_Input data_
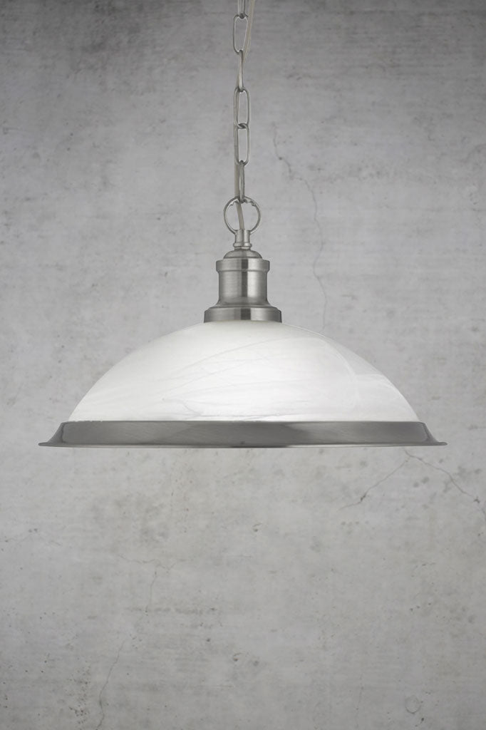 The Alabaster Glass Pendant Light marries traditional style with a contemporary aesthetic. Its metal fixture available in satin chrome, support an opaque alabaster glass shade. It is perfect for adding a timeless touch to a dining table, kitchen island, hotel bar, country lodge, or restaurant.
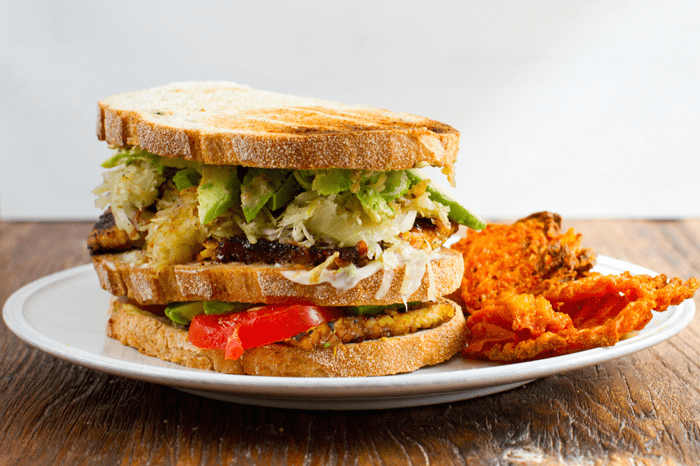 Craving a BLT without the B? This reuben-style sandwich from the Lunch Box Bunch has you covered. Tempeh is a soy product that is similar to tofu, but less processed. It gives a bite just as satisfying as your normal lunch meat.
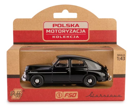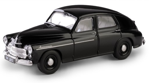 Metalowy, legendarny i rewelacyjny model samochodu Warszawa M-20, produkowanego w czasach PRL. Model wykonany w skali 1:43, jako auto osobowe w kolorze czarnym. Pierwsza Warszawa M-20, która została zmontowana z części sprowadzonych z ZSRR, zjechała z taśmy montażowej 6 listopada 1951 roku. Początkowe plany zakładały produkcję na poziomie 25 000 sztuk rocznie, do końca roku 1951 powstało jednak jedynie 75 egzemplarzy. Dopiero w 1953 roku zmontowano silnik M-20 w całości z części polskich i rozpoczęto eksport do Chin, Rumunii, Albanii oraz Bułgarii. W oparciu o podzespoły dedykowane dla Warszawy skonstruowano także samochody dostawcze: Żuka, Nysę oraz Tarpana. Samochody były wykorzystywane w różnych formacjach. Znakomity upominek na każdą okazję, zarówno dla początkujących jak i zaawansowanych kolekcjonerów i pasjonatów motoryzacji.
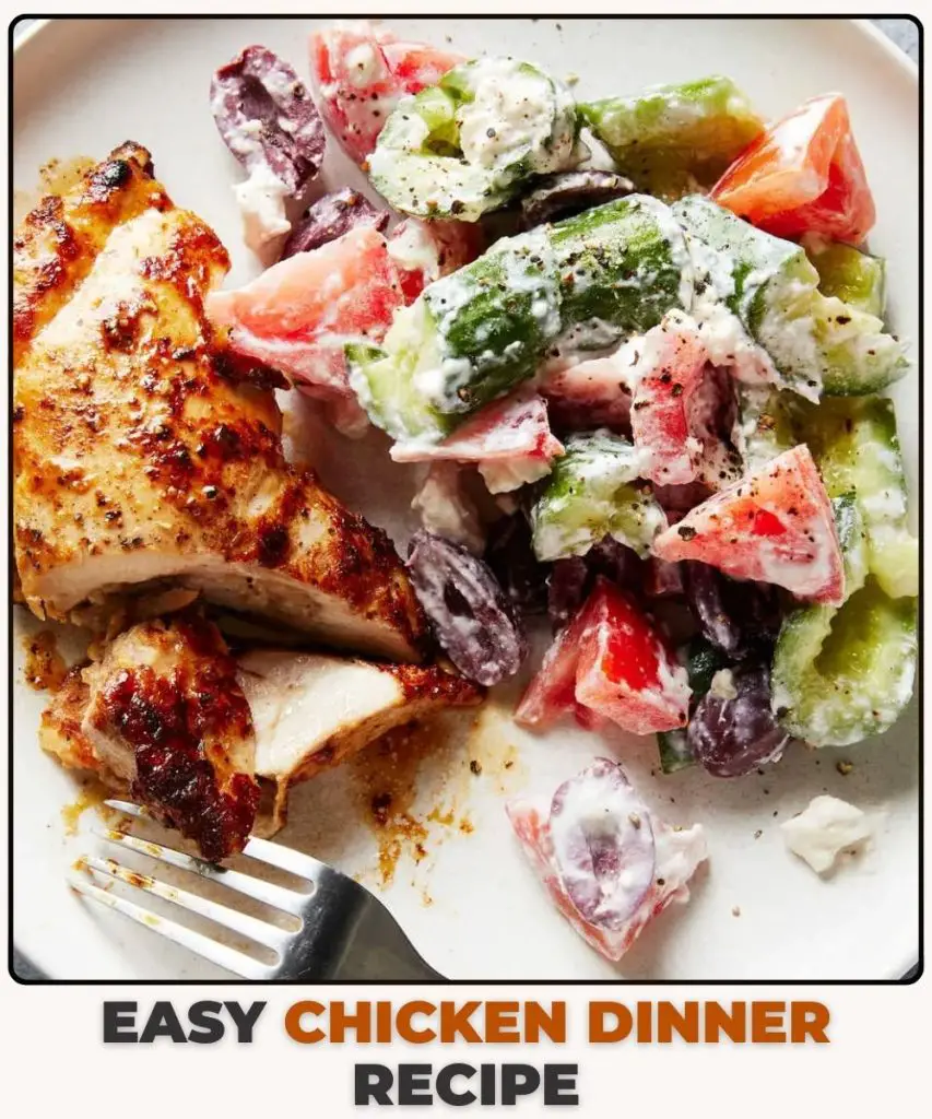 A cold salad of feta and olives is served alongside warm, yogurt-marinated chicken. This is incredibly refreshing on a hot day. The marinade makes the chicken so tender it practically melts, and the salty olives provide a great kick.

_Your assignment_
Print every line of the data exactly. Pictures do not belong in the copy.

_Exercise answer_
 The Alabaster Glass Pendant Light marries traditional style with a contemporary aesthetic. Its metal fixture available in satin chrome, support an opaque alabaster glass shade. It is perfect for adding a timeless touch to a dining table, kitchen island, hotel bar, country lodge, or restaurant.
 Craving a BLT without the B? This reuben-style sandwich from the Lunch Box Bunch has you covered. Tempeh is a soy product that is similar to tofu, but less processed. It gives a bite just as satisfying as your normal lunch meat.
 Metalowy, legendarny i rewelacyjny model samochodu Warszawa M-20, produkowanego w czasach PRL. Model wykonany w skali 1:43, jako auto osobowe w kolorze czarnym. Pierwsza Warszawa M-20, która została zmontowana z części sprowadzonych z ZSRR, zjechała z taśmy montażowej 6 listopada 1951 roku. Początkowe plany zakładały produkcję na poziomie 25 000 sztuk rocznie, do końca roku 1951 powstało jednak jedynie 75 egzemplarzy. Dopiero w 1953 roku zmontowano silnik M-20 w całości z części polskich i rozpoczęto eksport do Chin, Rumunii, Albanii oraz Bułgarii. W oparciu o podzespoły dedykowane dla Warszawy skonstruowano także samochody dostawcze: Żuka, Nysę oraz Tarpana. Samochody były wykorzystywane w różnych formacjach. Znakomity upominek na każdą okazję, zarówno dla początkujących jak i zaawansowanych kolekcjonerów i pasjonatów motoryzacji.
 A cold salad of feta and olives is served alongside warm, yogurt-marinated chicken. This is incredibly refreshing on a hot day. The marinade makes the chicken so tender it practically melts, and the salty olives provide a great kick.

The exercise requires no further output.